This study concerns the firmware of the Wavlink Wireless-AC1200 Gigabit router as of June 2020. The vulnerabilities discussed here may or may not have been patched by the vendor, but this is a case of vulnerability research that will show the journey as the reward rather than its conclusion. The author conducted this research before the public disclosure of the vulnerabilities but after they had been independently discovered by other researchers and reported to the vendor.
The vendor makes firmware for their products available in the support section of their website; this is a common way to obtain IoT firmware and a helpful alternative from extracting it from the device memory. The firmware is unencrypted, so it can be easily extracted with binwalk.
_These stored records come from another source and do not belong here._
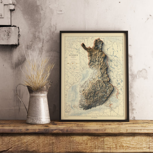Finland Shaded Relief Map | Vintage Elevation Map Based on 1917 Original
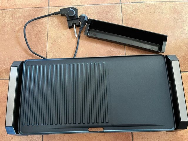 Plancha eléctrica de asar nueva (se ha usado 1 vez) . Incluye bandeja recogegrasas. - Superficie de cocción con estrías. - Control de temperatura. - Fácil de limpiar.
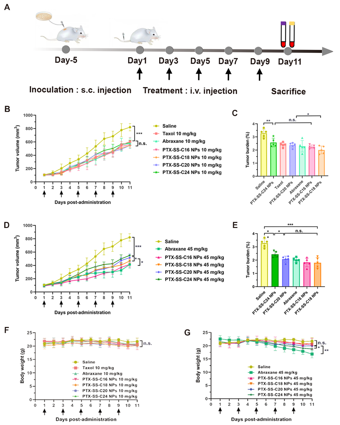 图1. 修饰模块调控紫杉醇前药纳米组装体的抗肿瘤作用和耐受性
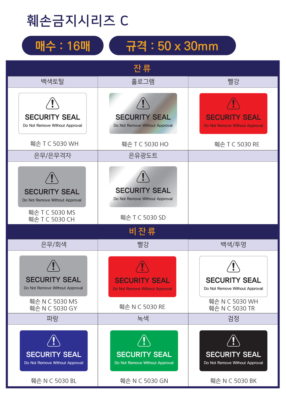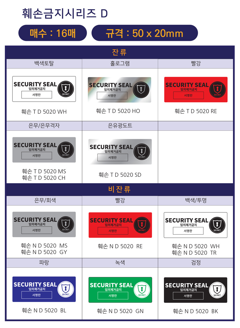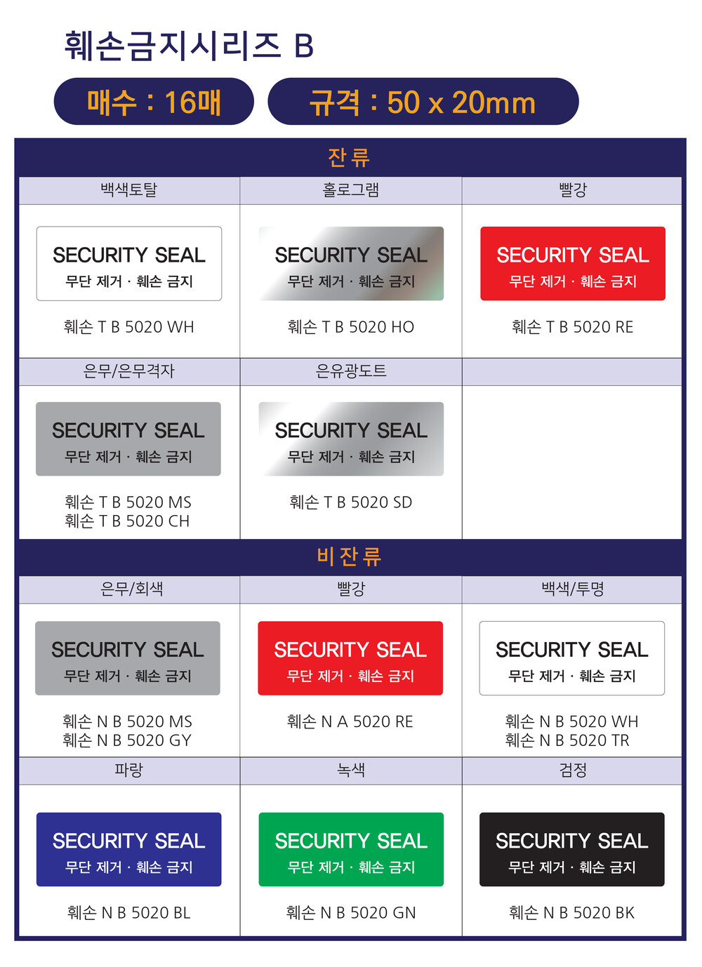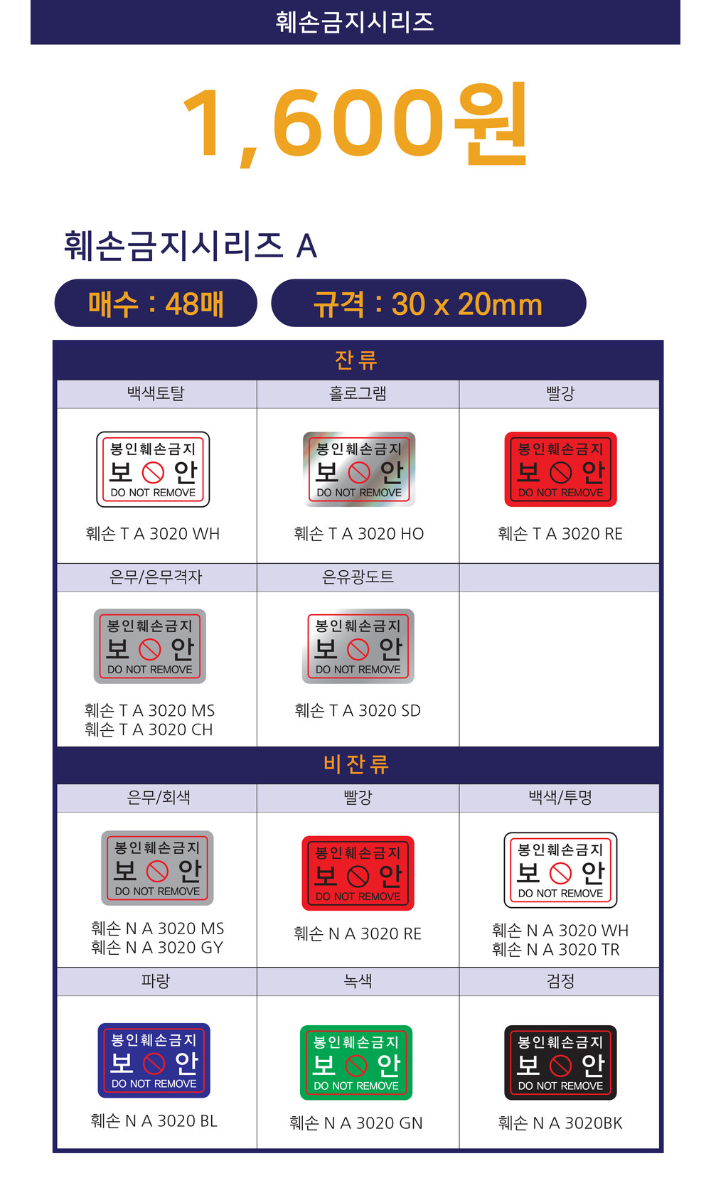 훼손금지 보안 스티커 4가지 스타일 14가지 색상 총 84종
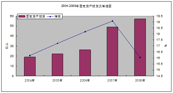 2008年實(shí)現(xiàn)全社會固定資產(chǎn)投資56.97億元,同比增長16.03%。其中基本建設(shè)投資9.06億元;更新改造投資8.4億元,同比增長57.6%;房地產(chǎn)開發(fā)投資38.78億元,同比增長79.19%。
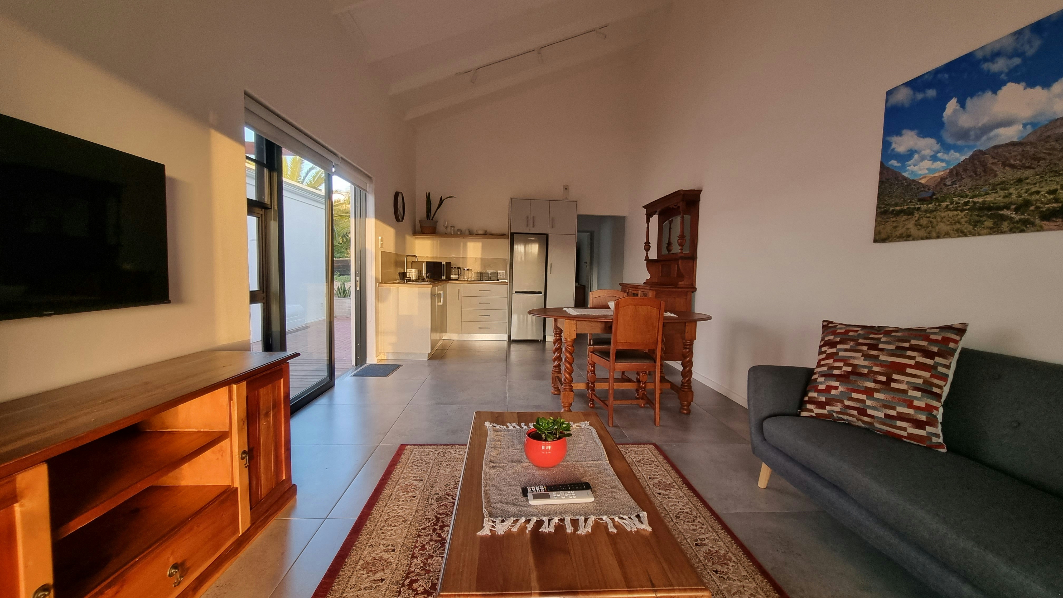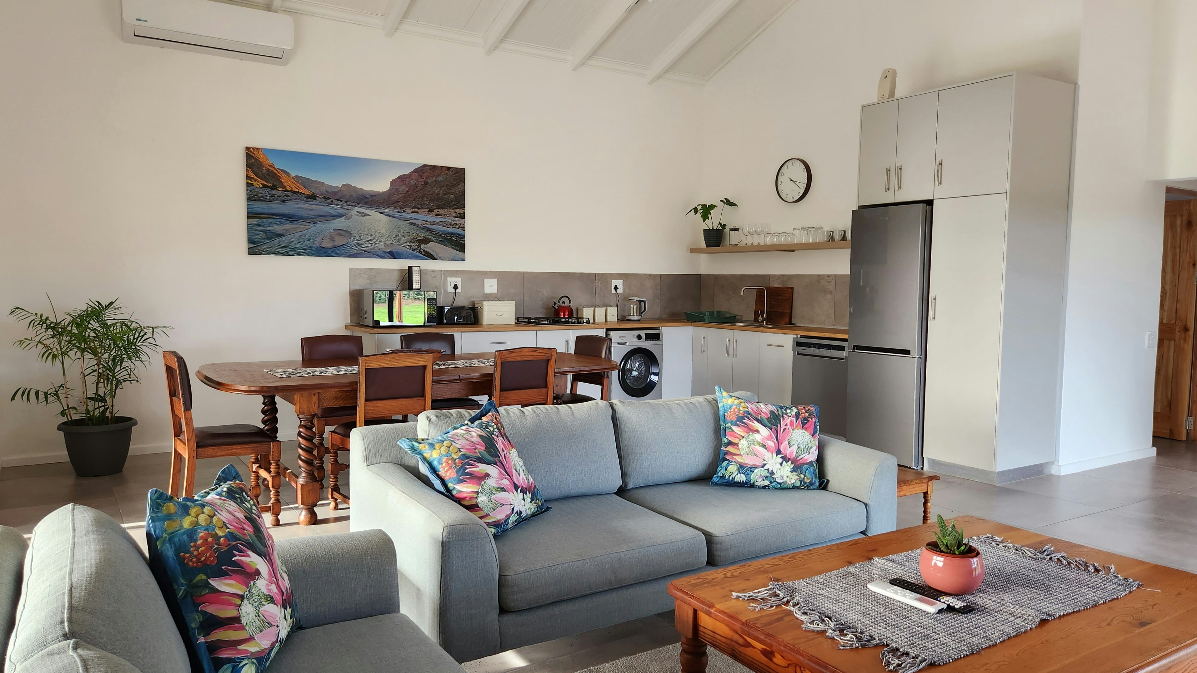 Die Leeu comprises 3 bedrooms, a spare room, 2 bathrooms, a living area, and an open-plan kitchen and a dining area. Each of the 3 larger bedrooms are furnished with a king-size bed, which can be converted into 2 single beds. The fourth bedroom (spare room) is furnished with 2 single beds. Both bathrooms are fitted with a toilet, basin and shower. This cottage offers views of the mountains and has a private garden.
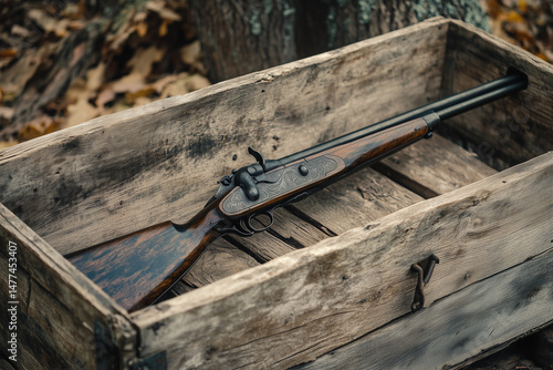 Antique Engraved Rifle In Wooden Crate With Autumn Leaves

Dynamic analysis was done with access to a physical exemplar of the device, and static analysis was done through Ghidra.
The web interface of the Wavlink Wireless-AC1200 Gigabit router has several vulnerable endpoints that allow for the unrestricted copy of user-provided data onto the application stack or even directly to the command line to achieve arbitrary command execution.
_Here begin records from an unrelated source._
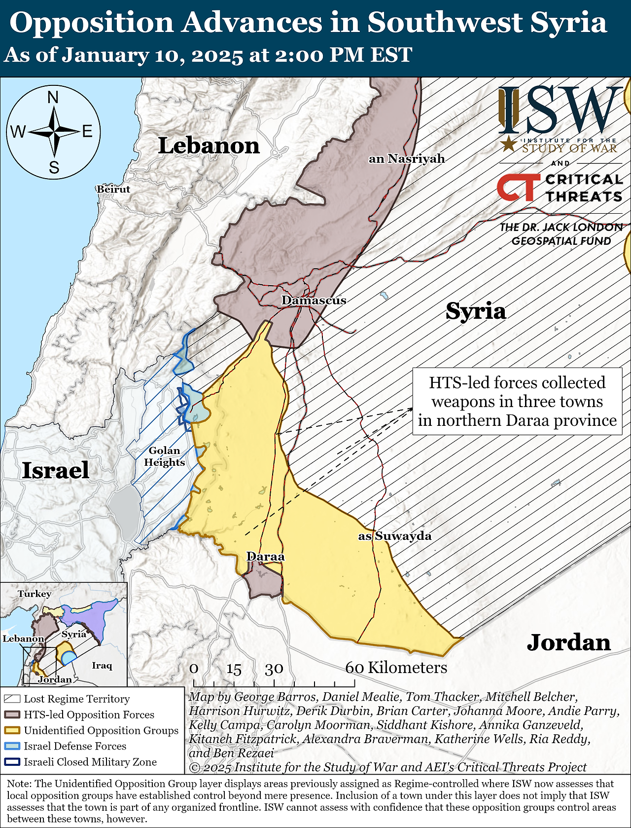 여기를 클릭하면 CTP와 ISW의 이스라엘 지상 작전 대화형 지도를 볼 수 있고, 여기를 클릭 하면 CTP와 ISW의 시리아에서 진행 중인 반대 세력 공세 대화형 지도를 볼 수 있습니다. 이 지도는 이 보고서에 있는 정적 지도와 함께 매일 업데이트됩니다.
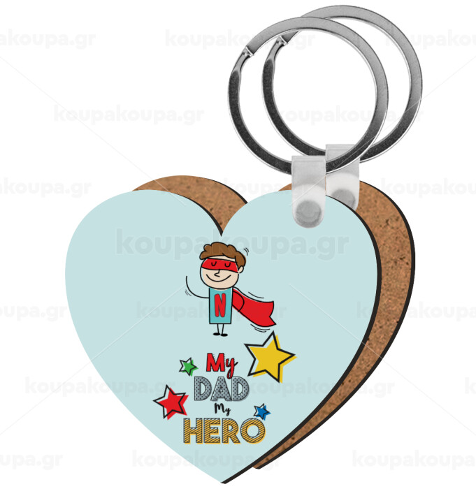 My Dad, my Hero!!!, Μπρελόκ Ξύλινο καρδιά MDF
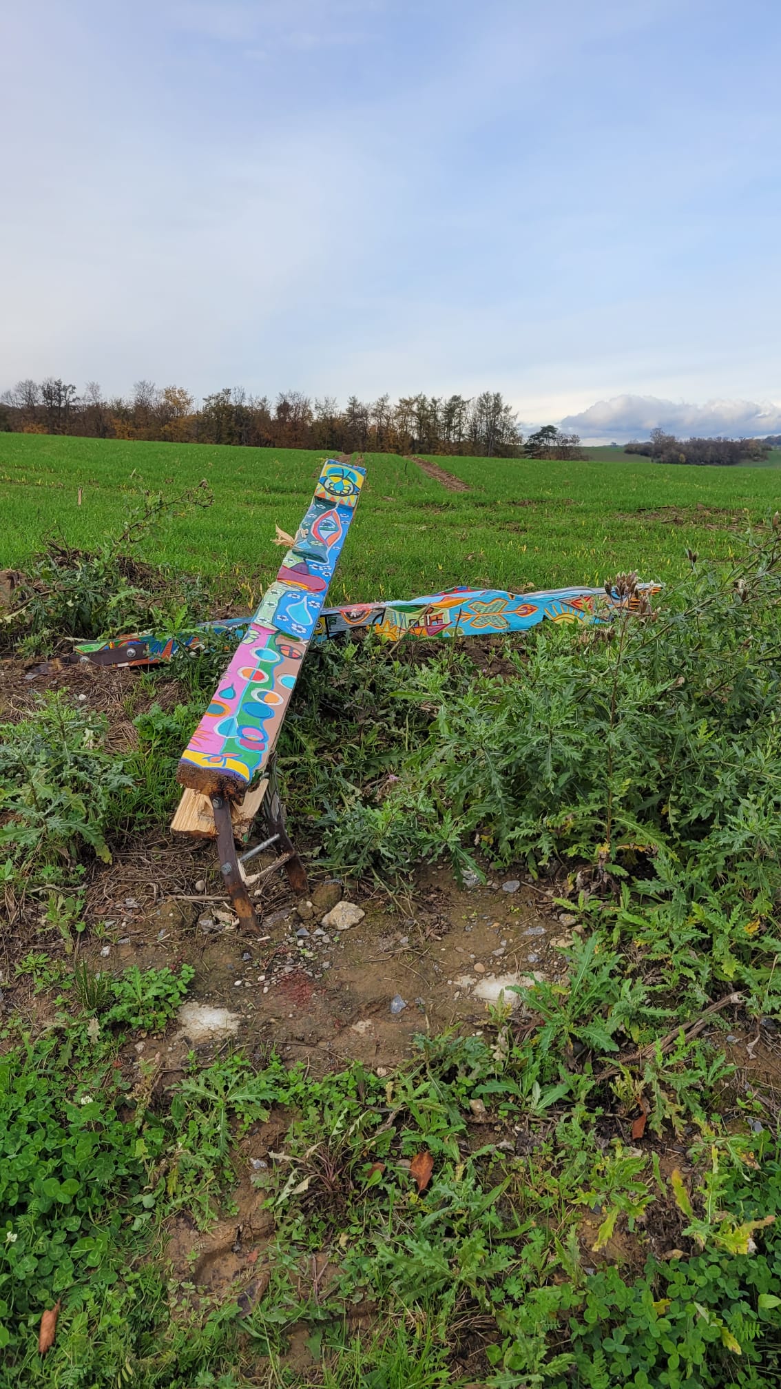 Vorvergangenes Wochenende musste bedauerlicherweise die Beschädigung der Doppelstele „X für U“, die – je nach Betrachtung – Anfang beziehungsweise Ende des Weges darstellt, festgestellt werden. Die Holzstelen wurden aus der Verankerung gerissen und massiv beschädigt. Das Kunstwerk wurde mutmaßlich umgefahren. Entstanden ist ein Schaden von mehreren Tausend Euro.

Initial scans of the device suggest that the only exposed resource was the administrative web console, accessible to authenticated users on the LAN interface over HTTP on TCP port 80. The device can offer more services, but these are not enabled out-of-the-box and by default. As such, this investigation focuses on the web interface alone.
Figure 1 - An nmap scan of the exemplar device, showing only the web interface listening.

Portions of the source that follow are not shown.